« JE « Je veux un show de beauty freak », m'a déclaré mon amie Chelsea Fairless alors que nous nous frayions un chemin dans la file d'attente pour entrer chez Sephoria. Ensemble, en tant que femmes d'une quarantaine d'années, nous avions fait le pèlerinage à la Magic Box, qui ressemble à un entrepôt, à The Reef, au centre-ville de Los Angeles, où la chaîne multinationale de produits de beauté Sephora organisait sa conférence annuelle des fans. Cela a commencé en 2018 à Los Angeles et a fait un détour ces dernières années dans d'autres villes (Atlanta, Paris, Shanghai, Rio de Janeiro). était de retour sur la côte ouest. Plus de 8 000 participants se sont rassemblés pendant deux jours en mars pour voir des stands élaborés de plus de 65 entreprises, dont Rare Beauty, Kiehl's, YSL et Summer Fridays. Mais ce que les participants avaient réellement dépensé entre 155 et 465 dollars, au-delà des billets VIP et des sacs de cadeaux, c'était l'occasion d'assister à des master classes et à des discussions au coin du feu des fondateurs des marques devenues des célébrités à part entière : Pat. McGrath, Jen Atkin, Danessa Myricks, Mario Dedivanovic et Patrick Ta. L'événement était complet en moins de trois heures lorsque les billets ont été libérés pour la première fois.

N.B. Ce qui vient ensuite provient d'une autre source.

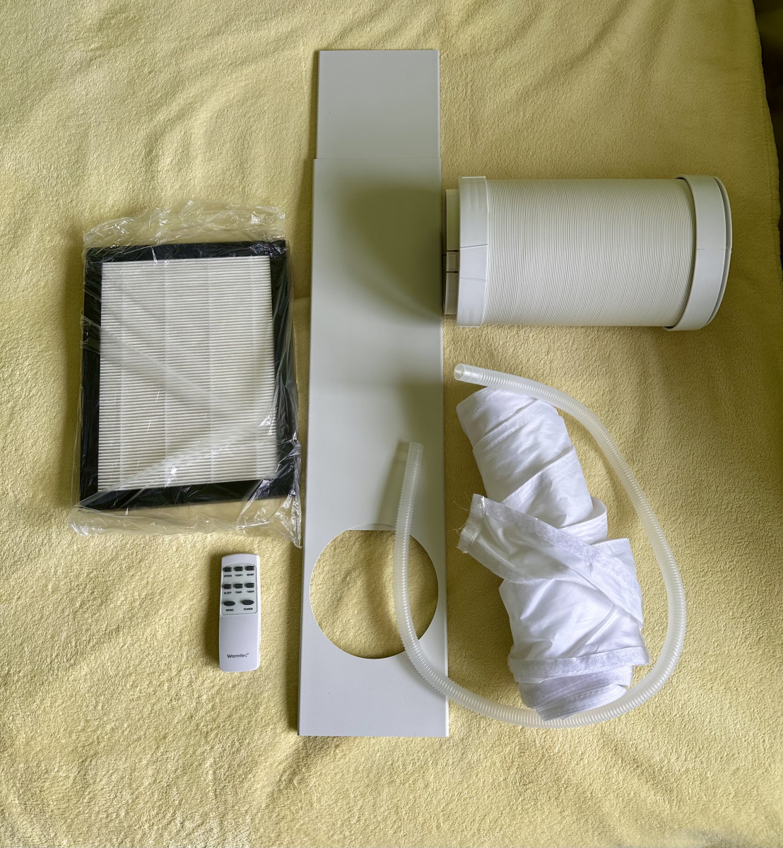 W zestawie: rura do odprowadzania ciepła wraz z końcówkami, wężyk odpływowy, nowy filtr HEPA, pilot do zdalnego sterowania, używana materiałowa uszczelka na okno . Elektroniczna instrukcja obsługi w formacie pdf - mogę podesłać e-mailem.

À l’intérieur, répartis sur trois étages, les obsessions personnelles d’une jeune fille de 14 ans prenaient vie sous un même toit. Presque tout était pastel, de l'emballage du produit aux couleurs des T-shirts préférés des participants. Il y avait certainement beaucoup de produits de beauté à goûter, des toniques et fonds de teint aux colorants pour les lèvres et parfums gourmands, mais il y avait d'autres cadeaux qui s'adressaient plus largement à la population adolescente : Alani Nu et La Croix (cette dernière distribuait également des casquettes de baseball) ; un support en nylon dans lequel un café glacé pourrait s'insérer et qui pourrait être porté autour du poignet ; une bouteille de crème solaire de la taille d’un pouce destinée à pendre d’un sac à main. Je peux comprendre pourquoi passer un samedi parmi le genre de personne qui crie «Regardez ça», avec l'urgence stridente d'un incendie dans un théâtre, pour ensuite voir que Pat McGrath tapisse les lèvres de quelqu'un n'est peut-être pas l'idée personnelle du paradis de tout le monde.

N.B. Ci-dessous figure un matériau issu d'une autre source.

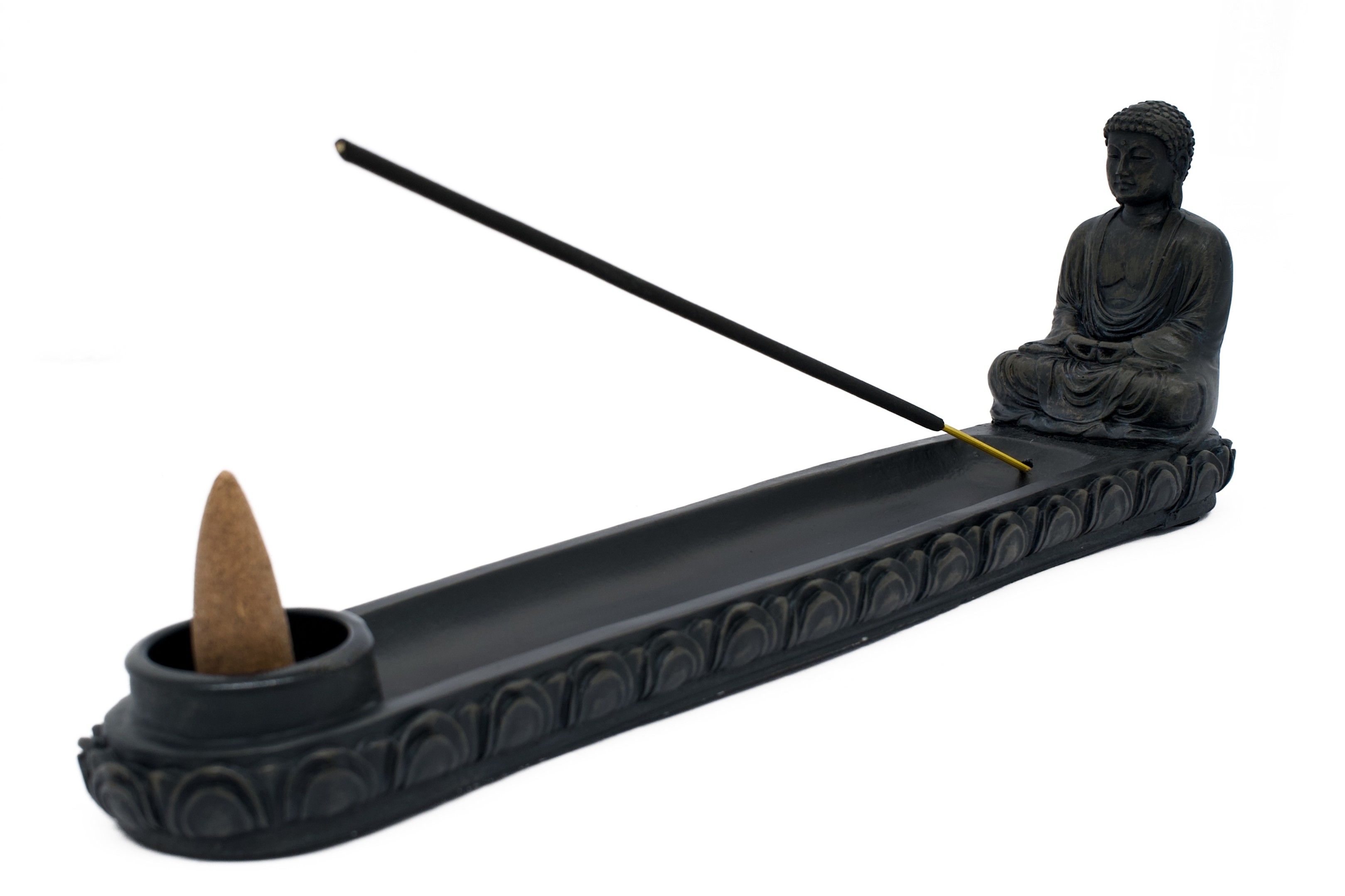 Großhandel – Schwarzer Sitzender Japanisch Buddha Räucherhalter für Stäbchen & Kegel

Il y avait moins d'enfants que prévu, mais l'âge médian correspondait néanmoins aux personnes nées après l'an 2000 : fin de l'adolescence ou tout début de la vingtaine. Il y avait autant de monde qu'un vendredi soir à une fête foraine, avec la même énergie de gens se déchaînant sur le saccharose et la nouveauté : de longues files d'attente dans lesquelles les fans étaient trop heureux d'attendre, des selfies pris partout tout le temps. Les adolescents constituent le groupe démographique le plus important de la marque. Ces adolescents ont un rapport à la beauté différent de celui des générations précédentes. Ils ont été élevés sur YouTube par des maquilleurs et influenceurs comme Jackie Aina ou des acteurs comme Issa Rae, qui ont tous deux des marques de beauté chez Sephora et qui ont tous deux fréquenté Sephoria. Sephora fait indéniablement partie de la culture pop. Et l’industrie mondiale de la beauté est énorme. Il était évalué à 450 milliards de dollars en 2025, les analystes de McKinsey s'attendant à une croissance annuelle de 5 % jusqu'en 2030. Sephora, qui appartient à LVMH, emploie environ 56 000 personnes et réalise un chiffre d'affaires annuel de plus de 18 milliards de dollars. Les adolescents de Sephora, comme on l'appelle en plaisantant, constituent désormais une classe de consommateurs dotés d'un réel pouvoir d'achat. Ou du moins la capacité d'influencer avec succès leurs parents pour que les palettes de fards à paupières et les stars du contour et du visage à 45 $ valent la peine d'augmenter leurs allocations.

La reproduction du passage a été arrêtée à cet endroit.